It has been discovered that washing the activated support material reduces the amount of unreacted organometallic derived metal among the pores of the support. "Washing" is a process familiar to those skilled in the art and may be generally defined as any process by which a liquid is used to remove relatively loose components, particles, compounds, or elements from a solid material. For example, the washing process may be one involving successive slurrying and decantation as described below or the process may be involve continuous flow of fresh liquid over the solid.

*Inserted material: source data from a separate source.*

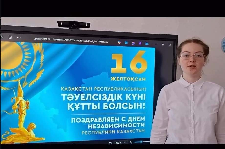 "Адал азамат" Бірыңғай тәрбие бағдарламасы аясында құндылық - тәуелсіздік және патриотизм, 10 сынып оқушысы Петрущак в. ҚР Тәуелсіздік күнімен бейне құттықтау дайындады.
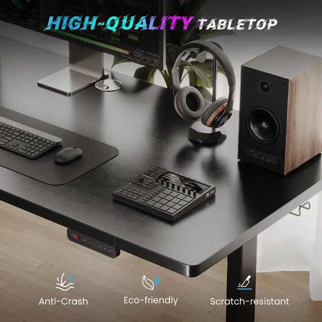 Built to handle up to 200 lbs, this gaming desk gives you the rock-solid stability every player needs. With one-touch height adjustment, you can switch between sitting and standing modes seamlessly, keeping your energy high during long sessions. The ultra-quiet motor operates under 45 dB, so your focus stays on the gamenot the noise. Integrated cable management keeps your setup clean and distraction-free, while the spacious desktop provides room for dual monitors, consoles, and peripherals. Engineered for esports, streaming, or casual play, this desk combines durability, performance, and style to upgrade your battle station.
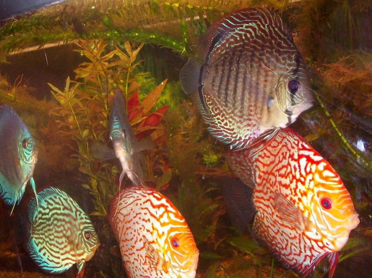 Finns många kar med diskus där, den ena fisken flashiga än den andra... och så ett par små akvarium med mindre flashiga brunaktiga modeller. Sist jag var där fastnade jag för en av dessa fiskar med mörk svartblå bård på fenorna. Fanns bara en med den teckningen i hela affären... men då var förståndet starkare än hjärtat, så jag köpte den inte. Den - eller en likadan! - fanns fortfarande kvar... och jag som bara skulle titta
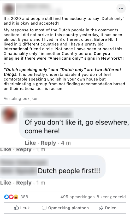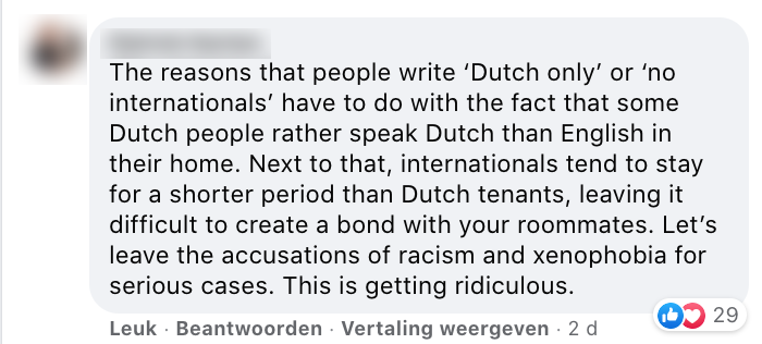 Als je op zoek bent naar een woning in Amsterdam ben je vast wel bekend met de Facebook-groepen waar kamers aangeboden worden. Naast het feit dat er regelmatig inloopkasten voor een hoofdprijs worden aangeboden, is er ook een andere opmerkelijke eis die vaak terugkeert, namelijk de ”Dutch only” opmerking. Wat hier nou precies mee bedoeld wordt, is een discussiepuntje.
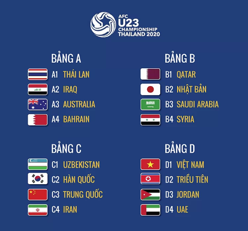 Vòng chung kết U23 châu Á diễn ra tại Thái Lan từ 8/1/2020 đến 26/1/2020. Tại vòng bảng, Việt Nam lần lượt gặp UAE (10/1), Jordan (13/1) và Triều Tiên (16/1).
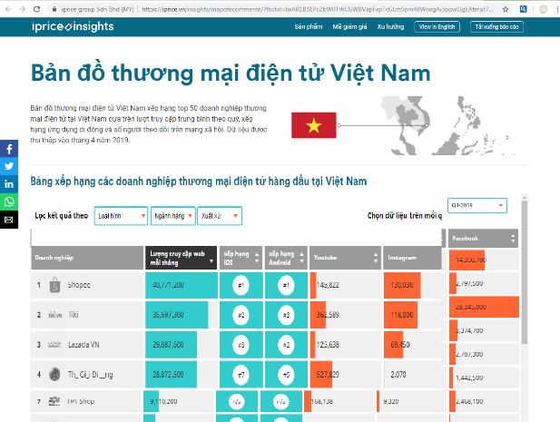 Thứ hạng các website TMĐT Việt Nam theo xếp hạng mới nhất
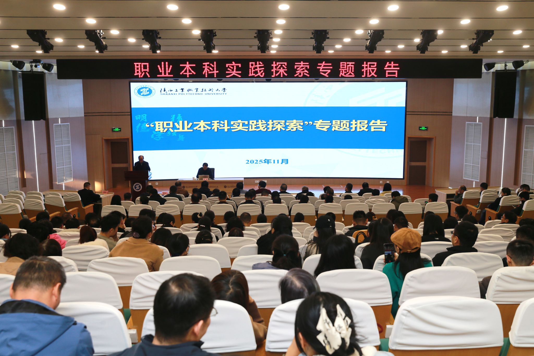 11月25日下午,我校在渭城校区学术会堂召开“职业本科实践探索”专题报告会。深圳职业技术大学二级教授汪治受邀作题为“职业本科学校基本办学定位体系与深圳职业技术大学的实践探索”专题报告,党委书记惠朝阳,教学系统处科级干部、教研室主任及专业带头人等300余名教师代表参会,会议由副校长梅创社主持。

The washing step may be performed either before or after metallocene addition or both before and after. Preferably, washing is accomplished by first allowing the support material to settle after reaction with the organometallic compound then decanting any supernatant. Next, the activated support is re- slurried in a suitable diluent such as a dry, oxygen-free aliphatic hydrocarbon. Finally, the support is again allowed to settle so that the supernatant is removed. This washing process can be repeated and can be performed at any stage or in a combination of stages prior to final drying as will be more fully described below. After washing, the organometallic compounds and/or metallocene compounds may be recovered from the diluent for future use or disposal. The diluent may be any hydrocarbon, preferably an inert hydrocarbon of which non-limiting examples include aliphatic hydrocarbons such as propane, butane, isobutane, pentane, isopentane, hexane, heptane, octane, decane, dodecane, and kerosene; alicyclic hydrocarbons such as cyclopentane, cyclohexane, and methylcyclopentane; aromatic hydrocarbons such as benzene, toluene, and xylene; and halogenated hydrocarbons such as ethylene chloride, chlorobenzene, and dichloromethane and mixtures thereof. Dry, oxygen free, aliphatic hydrocarbons such as isobutane, isopentane, hexane, and heptane are particularly preferred. Method of Producing the Catalyst System
Preferably the activator is formed as described above and then the metallocene catalyst component is added. The supported activator can be washed and or dried before introducing the metallocene component, it can then be slurried in a suitable solvent as is known in the art and the metallocene catalyst component added thereafter.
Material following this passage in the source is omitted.